釣り始めてから、二時間は経ったのだろうか。糸はまだ、ピンと底まで張っている。
「ねぇ・・・源ちゃん?」
「ん・・・あ?」
「東京湾の魚って、絶滅したの?」
「はっ?そ、そんな訳ねぇだろっ。」
「じゃぁ、なんで釣れないのよっ。」
「お、俺が知るかよっ。ヨーコの腕が悪いんじゃないのか?」
「はぁ?私は源ちゃん言うようにやってるけど?」
「じゃぁなんで・・・あ、やっぱり・・・アレか?」
棟梁が作った、猫の毛で作った疑似餌。
「ふふっ、やっぱり猫の匂いがするから魚が寄ってこないのよ。」
「そんな訳・・・あぁ~んっ、もうやめだっ。帰るぞヨーコぉ。」
「ふふ、そうね。棟梁にしっかり報告してやりましょ。」
結果的には坊主に終わった今回の釣行。別の意味での収穫はあったから、個人的には「ドロー」といったとこかしら。
「ええっ?まったくかいっ?」
驚きを隠せない棟梁。
「あぁ、まったくピクリともしねぇの。ヨーコのヤツしまいには『東京湾の魚は絶滅したのか?』なんて言い出すし・・・。」
「ホントよ。何の反応もないんだもん。」
「え~、本当に・・・?」
にわかには信じがたいという表情。
「え・・・あぁ、じゃぁ分かった。今度それ持って川釣りに行こう。なぁ、そうすりゃ・・・。」
「イヤよ。なんでわざわざ山まで行って釣りしなきゃいけないのよ。

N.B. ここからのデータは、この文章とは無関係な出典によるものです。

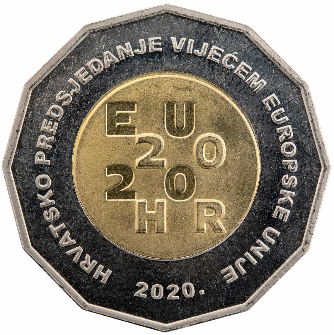 Motiv na licu: Unutar jezgre kovanog novca nalazi se prikaz službenog logotipa "Tipografska šahovnica" u povodu predsjedanja Republike Hrvatske Vijećem Europske unije 2020., koji se, kao tipografsko rješenje, sastoji od slova i brojki čiji međusobni položaj asocira na polja grba Republike Hrvatske. Kompozicijski, kraticama "HR" i "EU" te godinom predsjedanja "2020.", prenosi poruku povezanosti Hrvatske i Europske unije. Kružno, unutar prstena, ispisan je tekst "HRVATSKO PREDSJEDANJE VIJEĆEM EUROPSKE UNIJE". Ispod jezgre, na površini prstena kovanog novca nalazi se ispis godine izdanja "2020.".
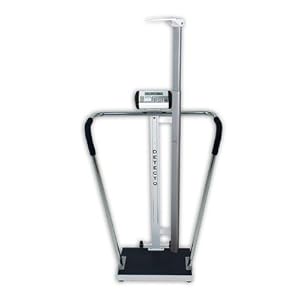 Product Description : 6854DHR Capacity: 600 lb x 0.2 lb Platform 18"x14"x1.75" Features: -Digital scale.-Available in 600 lbs x 0.2 lbs / 270 kg x 0.1 kg platform 18' x 14' x 1.75' and 800 lbs x 0.2 lbs / 360 kg x 0.1 kg platform 24' x 24' x 1.75' capacity.-Fast, accurate digital height LCD readouts.-Measures up to 79'.-Highly accurate digital weight display with BMI.-Extra strength wrap around tubular stainless steel handrails.-Large heavy duty rubber wheels and the scale tips back for easy transporting.-Skid proof and soft, but durable black rubber mat.-Capacity: 800 lbs x 0.2 lbs / 360 kg x 0.1 kg.-Platform size: 18' x 14' and 24' x 24'.-Digital height rod measurements: 43' - 79'.-Power source: 6 'C' size alkaline batteries (not included) or optional AC adapter. Dimensions: -Display: Liquid crystal, 0.5' high weight readouts.
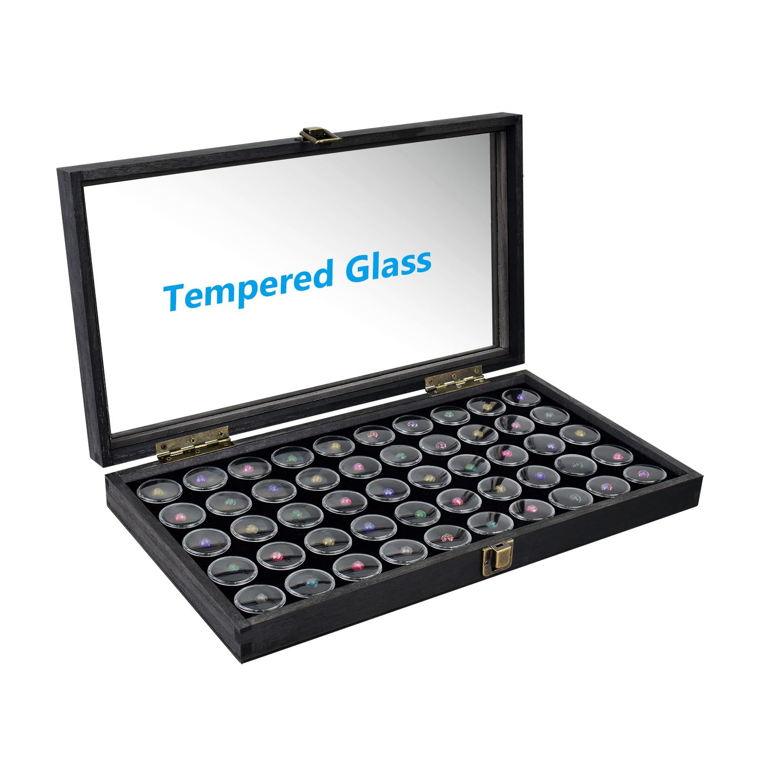 - COLLECTION ORGANIZER BOX - This organizer box features a glass top display case along with 50 gem jar tray liner, making it an ideal choice for storing and showcasing your valuable collection.
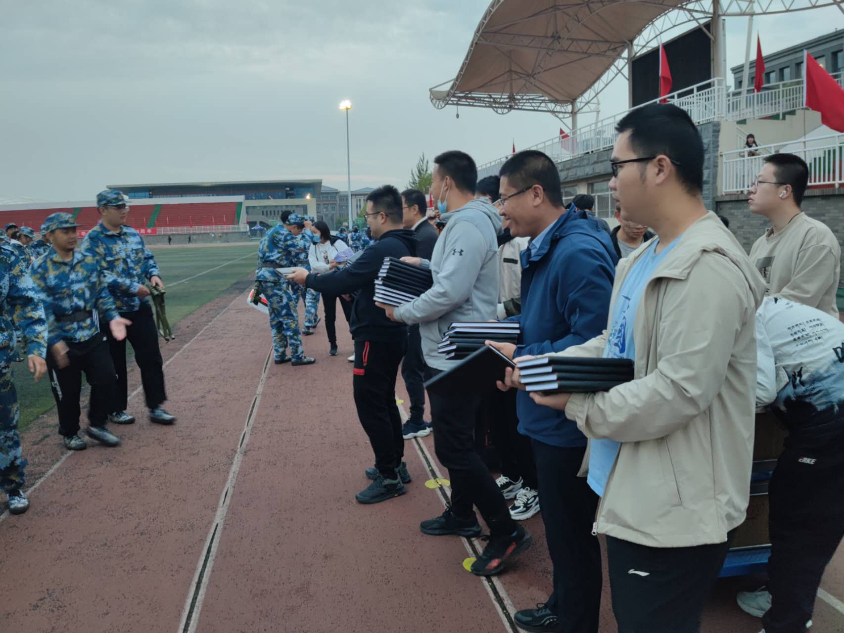 沙场秋点兵,军训正当时。正值祖国母亲73华诞之际,第一临床学院特地为每位新生准备了“秋天的第一杯奶茶”和笔记本,表达了对新生的关心和关爱之情。院党委副书记任剑锋、全体辅导员一起参加慰问新生活动,学生科科长赵国鹏主持。
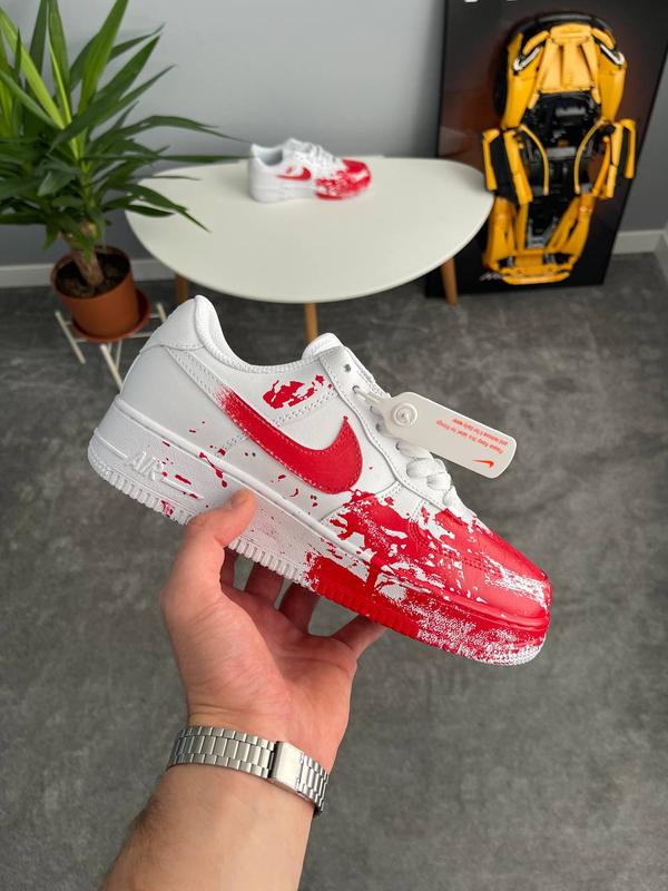 Nike Air Force 1 Custom Blood 🩸 • Матеріал: шкіра • Виробник: Вʼєтнам 🇻🇳 (по факту Китай) • Комплект: фірмова коробка, пакувальний папір • Розміри: 41-45 (41-26 см; 42-26,5 см; 43-27,5 см; 44-28 см; 45-29 см) • Арт 1673 lstr
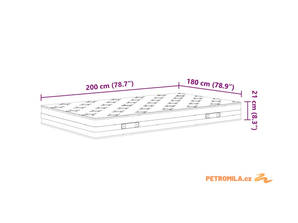 - Rozměry: 180 x 200 x 21 cm (Š x D x T)
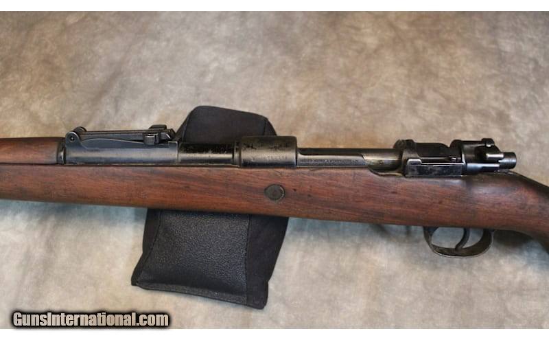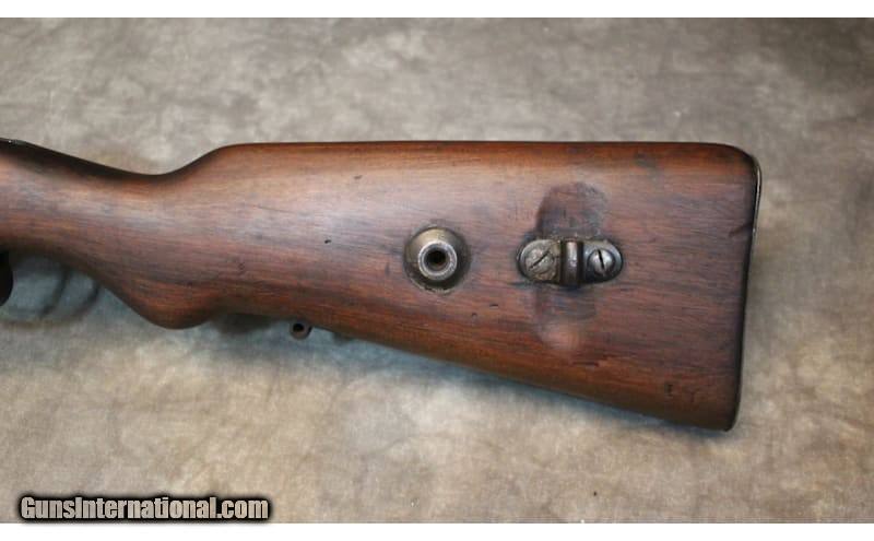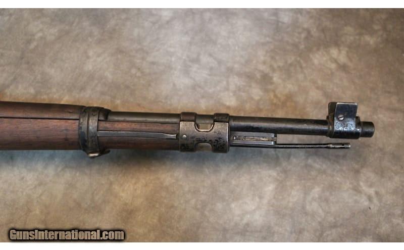 Description: This Mauser 98K is in good condition. The stock is solid with no cracks. There are a couple of small dents in the stock. The receiver, bolt, bolt shroud, safety and floor plate have matching serial numbers. The receiver is stamped 1937. There are several parts stamped with German army acceptance marks. 8mm Mauser SOLD Curio/Relic: Yes Chambers: 8mm Mauser Metal Condition: Good Wood Condition: Good Bore Condition: Good Barrels: 24 Butt Pad: Steel butt plate Weight: 8.5 lbs Sights: "Ladder adjustable rear for elevation graduations to 2000 meters, protected post front Item Location: Columbia, MO |
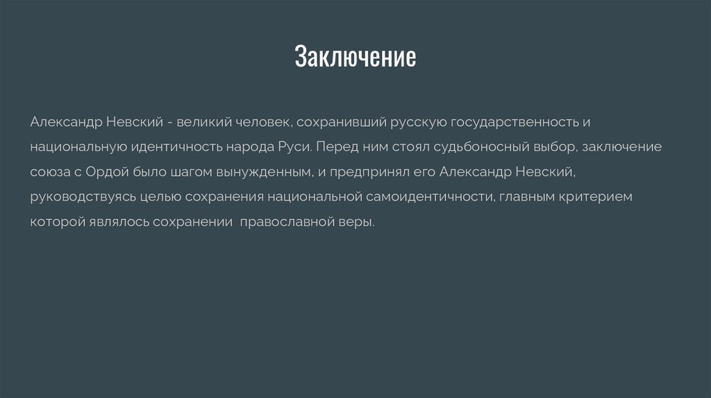 ЗаключениеАлександр Невский - великий человек, сохранивший русскую государственность и
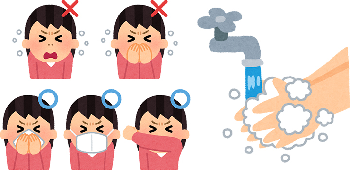 まず徹底したいのが、「咳エチケット※」や「手洗い」です。なぜこれらが大切かというと、新型コロナウイルスなどのウイルスは、感染した人が咳やくしゃみをした時にウイルスが含まれた鼻水やだ液が飛び散り、それが周りにいる人の鼻や口から入りこんで感染する「飛沫感染」や、ウイルスがついた手が鼻や口などに触れることで感染する「接触感染」によって感染が広がっていくからです。手洗いについては、汚れが残りやすい指の間や爪の先、手首などもしっかり洗うようにしましょう。石鹸で洗うことが望ましいですが、流水で洗うだけでも効果があります。
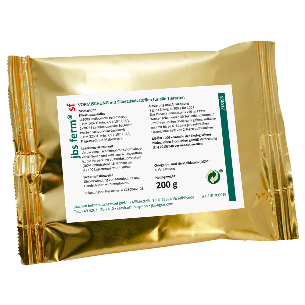 Das jbs ferm sf Siliermittel sorgt für eine schnelle und effiziente Silierung aller Futterpflanzen mit 25 bis 50 % Trockenmasse. Dank seiner hohen Wirksamkeit gegen Hefen und Schimmel bleibt die Silage im Durchschnitt 5 Tage länger stabil und behält wertvolle Nährstoffe.
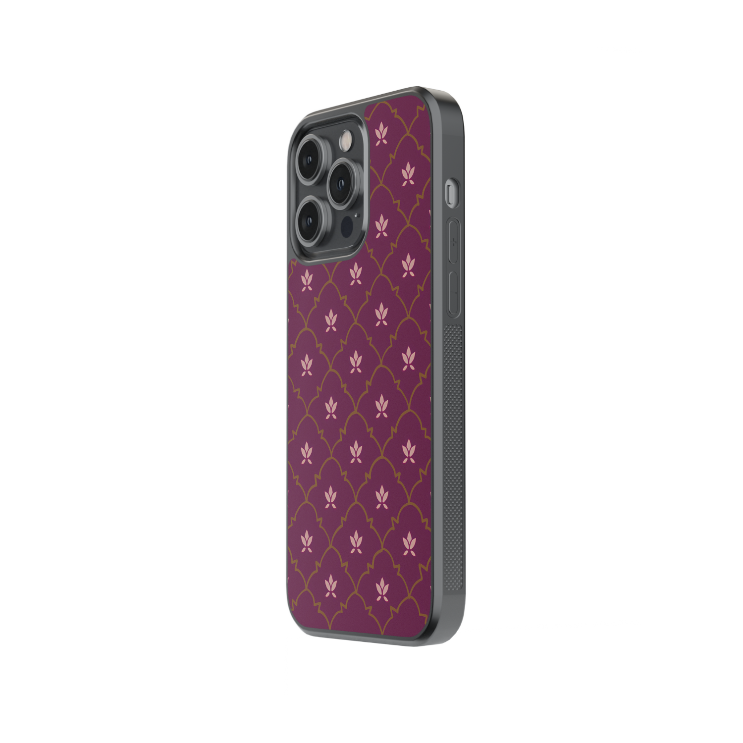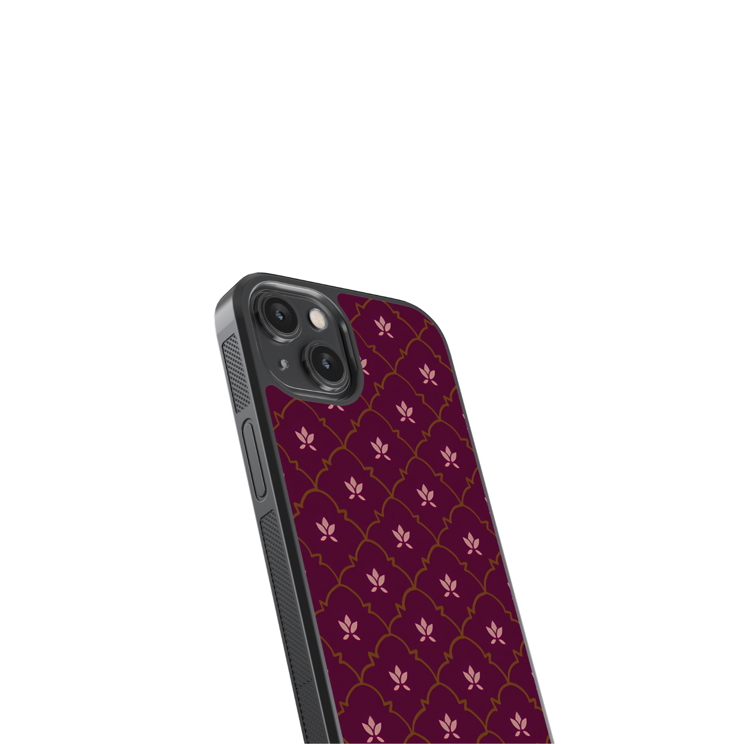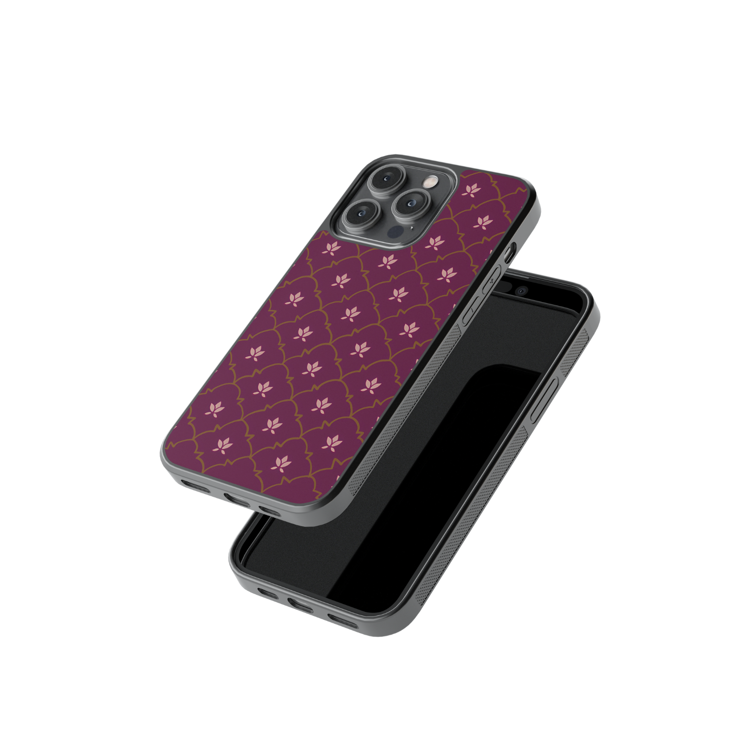 Indulge in regal elegance with this deep maroon phone case featuring intricate gold-outlined floral arches in a timeless lattice pattern—ideal for someone's sophisticated, feminine vibe. Slim and sturdy, it safeguards your phone while adding a touch of luxurious charm. Get yours now!

ねぇ、目の前で出来るのに。」
「ははっ、まったくだ。」
「いやぁ、そう言わねぇでさぁ。一回だけ・・・。」
「イヤよっ。」
「ん~・・・もう、つれねぇなぁ。」
「あ、なに棟梁。ダジャレ?」
「あ・・・そ、そんなんじゃ・・・。」
そんな訳で、猫の毛の疑似餌はこの日以来オブジェと化したのでした。